# Best GSD show-line breeders????



## Gsdever

Can you recommend some best GSD show-line breeders in USA???
I saw that Gunbil German shepherds and Mittelwest German Shepherd puppies for sale, German Shepherd Dogs for sale are best, what do you think???


----------



## cliffson1

Bullinger Shephers, Huerta-Hof shepherds are two that come to my mind.


----------



## Whitedog404

I've never been able to open the Huerta-Hof website.


----------



## Gsdever

cliffson1 said:


> Bullinger Shephers, Huerta-Hof shepherds are two that come to my mind.


Bullinger Shepherds has so many beautiful GSD with titles, good breeder
Huerta-Hof shepherds 's website is offline.


----------



## Jessiewessie99

I think Alta-Tollhaus German Shepherd Dogs has some beautiful West German Showline dogs. When I get my puppy, she is on my list. She has beautiful dog. Zucca is absolutely beautiful!

This breeder also has beautiful show dogs:
German Shepherd Breeders CA|Puppies|Dogs|Puppies For Sale|Training|Protection Dogs-German Shepherds


----------



## Smithie86

Alta-Tollhaus German Shepherd Dogs and witmertysonimports.com for dogs that show and work.


----------



## Gsdever

Jessiewessie99 said:


> I think Alta-Tollhaus German Shepherd Dogs has some beautiful West German Showline dogs. When I get my puppy, she is on my list. She has beautiful dog. Zucca is absolutely beautiful!
> 
> This breeder also has beautiful show dogs:
> German Shepherd Breeders CA|Puppies|Dogs|Puppies For Sale|Training|Protection Dogs-German Shepherds


Both Alta-Tollhaus and Wustenbergerland have a lot of beautiful GSD, any one had a business with Wustenbergerland before??


----------



## Lucy Dog

Speak to Liesje if you're interested in Alta Tollhaus. She knows her stuff and she has a stunning dog from them. She's definitely the person to speak to about that kennel.


----------



## Jessiewessie99

Gsdever said:


> Both Alta-Tollhaus and Wustenbergerland have a lot of beautiful GSD, any one had a business with Wustenbergerland before??


No, but its best to ask Liesje about Alta-Tollhaus if your interested in Julie's dogs(thats the name of the breeder)


----------



## Chicagocanine

Yes I've heard only good things about Bullinger. 
Bianca's sire is from there as are both grandparents on her dam's side.


----------



## Rusty_212

Welcome

According to their website, they are #1.


----------



## robinhuerta

Thank you very much Cliff for your recommendation.....your opinion of us is very important to myself, and I* value* it in _more ways_ than you imagine.
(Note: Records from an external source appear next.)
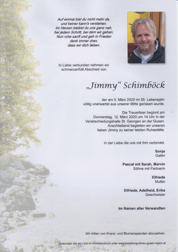 Wer im Herzen liebevolle Erinnerungen hinterlässt und unsere Seele berührt, kann weder vergessen noch verloren gehn…. Lieber Onkel Jimmy in unseren Herzen bist du bei uns und in ewiger Erinnerung. Carmen und Andreas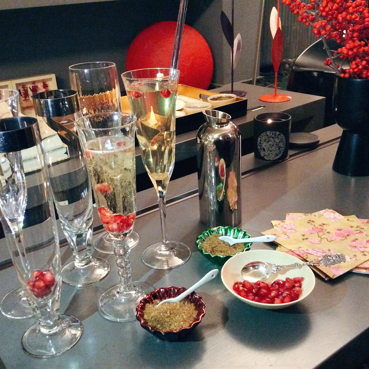 Στον πάτο κάθε ποτηριού βάζουμε ελάχιστη, στη μύτη ενός μικρού κουταλιού, καστανή ζάχαρη και λίγες σταγόνες ροδόνερου, όχι παραπάνω από 1 κουταλάκι του espresso. Ανακατεύουμε με ένα μακρύ κουτάλι για να αρχίσει να διαλύεται η ζάχαρη και προσθέτουμε λίγα σπόρια ροδιού. Γεμίζουμε τα ποτήρια με προσοχή με το αφρώδες παγωμένο κρασί, τσουγκρίζουμε και απολαμβάνουμε.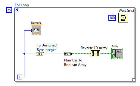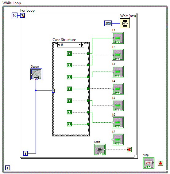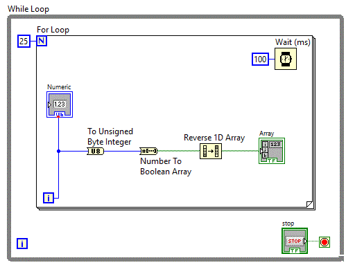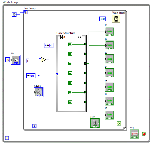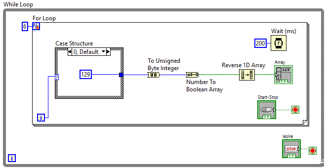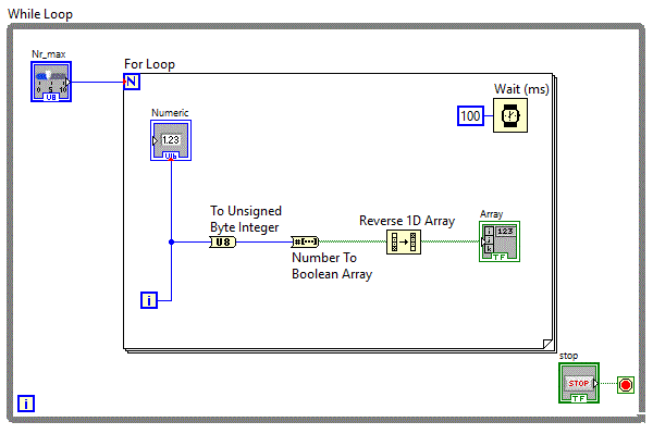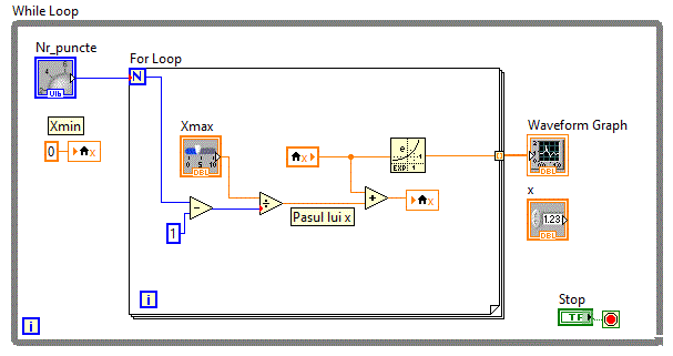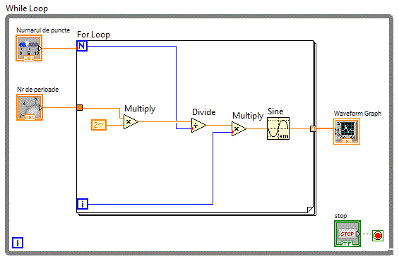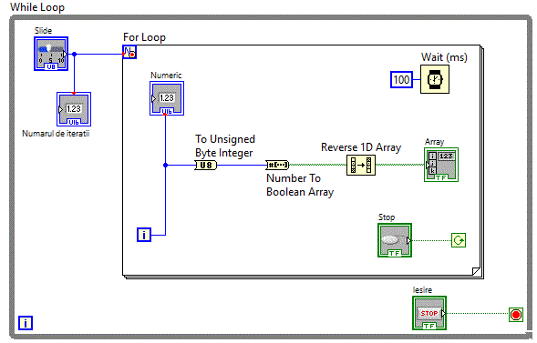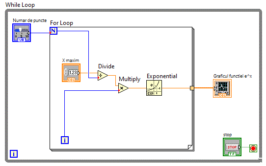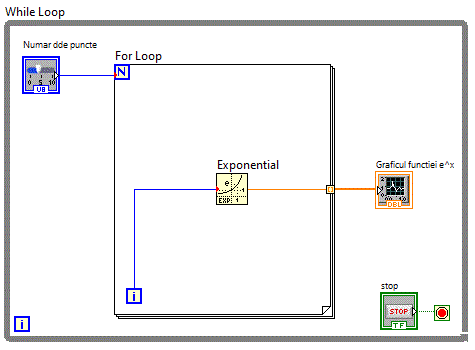 Diagrama bloc va trebui deci sa contina o structura "For Loop" inclusa intr-o structura "While Loop"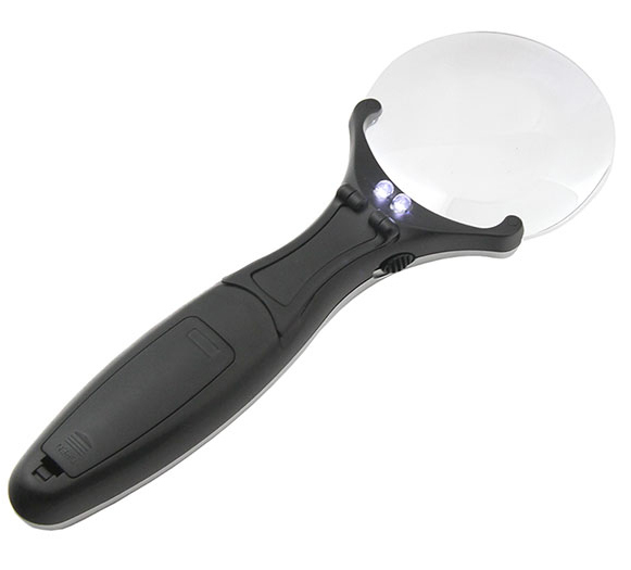 Для работы в условиях плохой освещенности можно использовать встроенную светодиодную подсветку. Яркости двух лампочек хватит для использования лупы даже в полной темноте. Для питания подсветки используются две стандартные батарейки типа АА. Их нет в комплекте, но вы сможете без труда их приобрести.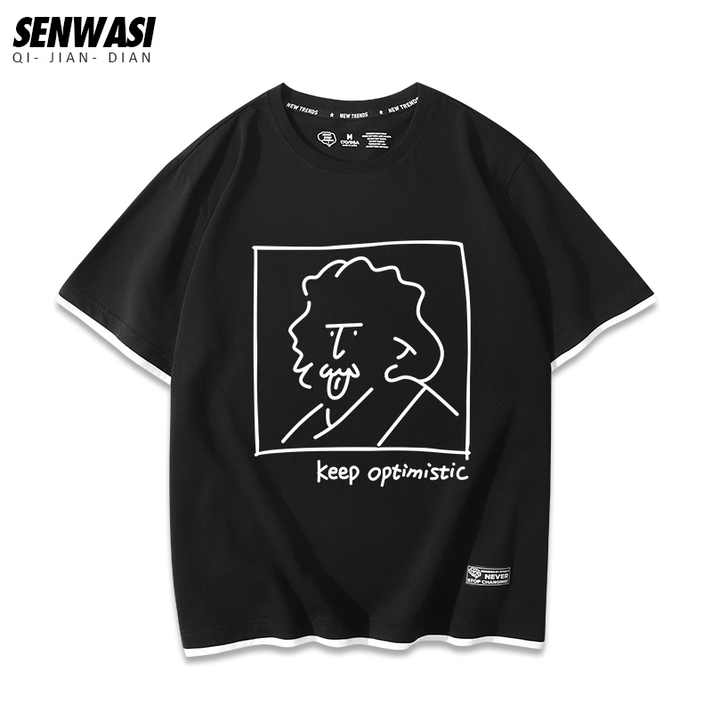 百搭休闲T恤衫 爱因斯坦涂鸦趣味搞怪印花假两件短袖 男女学生夏季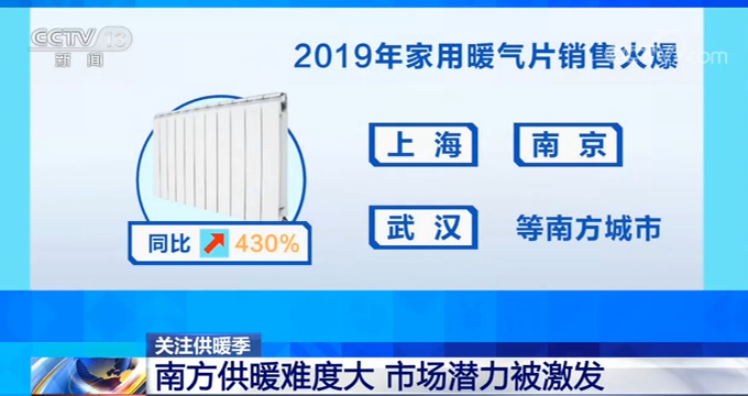 據統計,2019年,家用暖氣片銷量同比增長430%,而銷量增長的“主力軍”正是上海、南京、武漢等南方城市。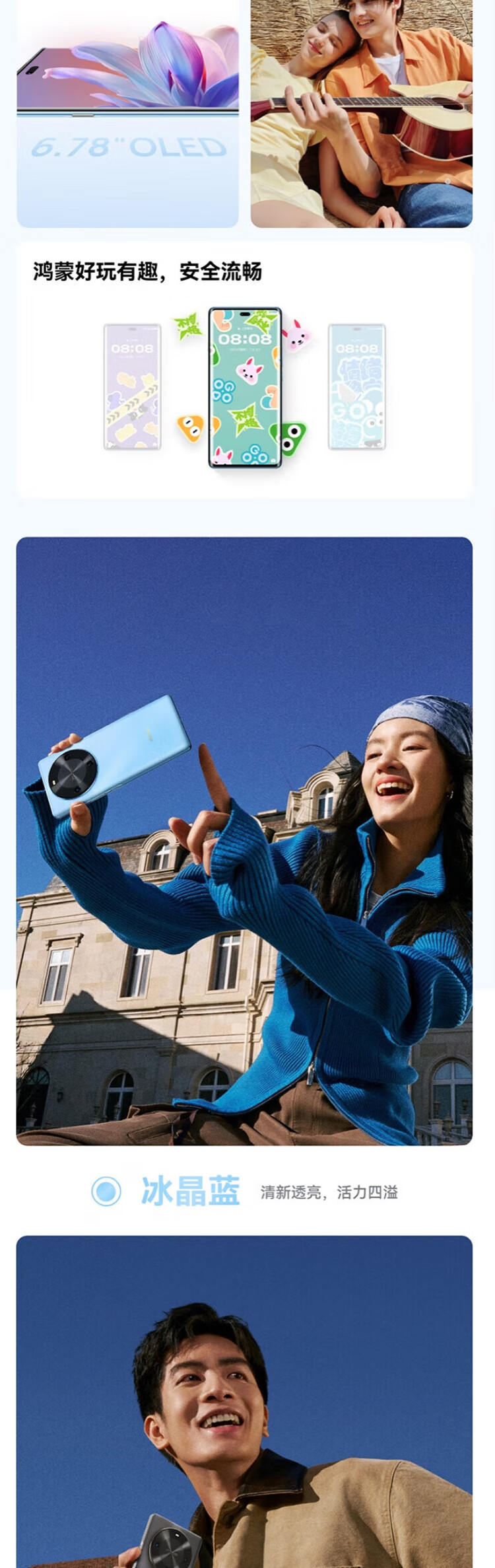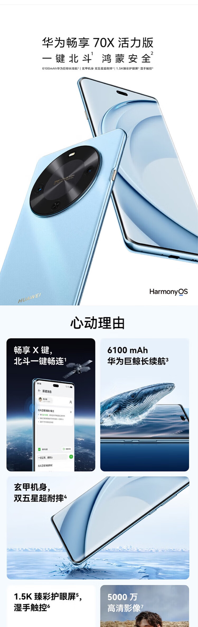 华为畅享70X 活力版 华为巨鲸超能长续航鸿蒙安全双五星超耐摔华为鸿蒙手机 冰晶蓝 256GB 24期-白条分期

Our website hasn't been a "working site" in over a year.
We do have someone putting a new one together for us.....but we still have to finish the front page & set up some of the pictures......( should be operating soon!)
If anyone has questions regarding any of our dogs or breedings.....they can PM me....I have pictures and information always available.
Thank you again Cliff!
Robin


----------



## Lucy Dog

*Questions about your breeding*

Meant to send as PM - Oops


----------



## Castlemaid

Rusty_212 said:


> Welcome
> 
> According to their website, they are #1.


It is actually quite comical to see just how many WGSL breeders claim to be #1. (#1 in what? and once that question is answered, how did they make that determination?)

_My_ dogs are #1!! They are the best!!! Nobody has such dogs as I do!!!

See? Not a word of a lie . . . but doesn't really mean anything.


----------



## Rusty_212

Castlemaid said:


> It is actually quite comical to see just how many WGSL breeders claim to be #1. (#1 in what? and once that question is answered, how did they make that determination?)
> 
> _My_ dogs are #1!! They are the best!!! Nobody has such dogs as I do!!!
> 
> See? Not a word of a lie . . . but doesn't really mean anything.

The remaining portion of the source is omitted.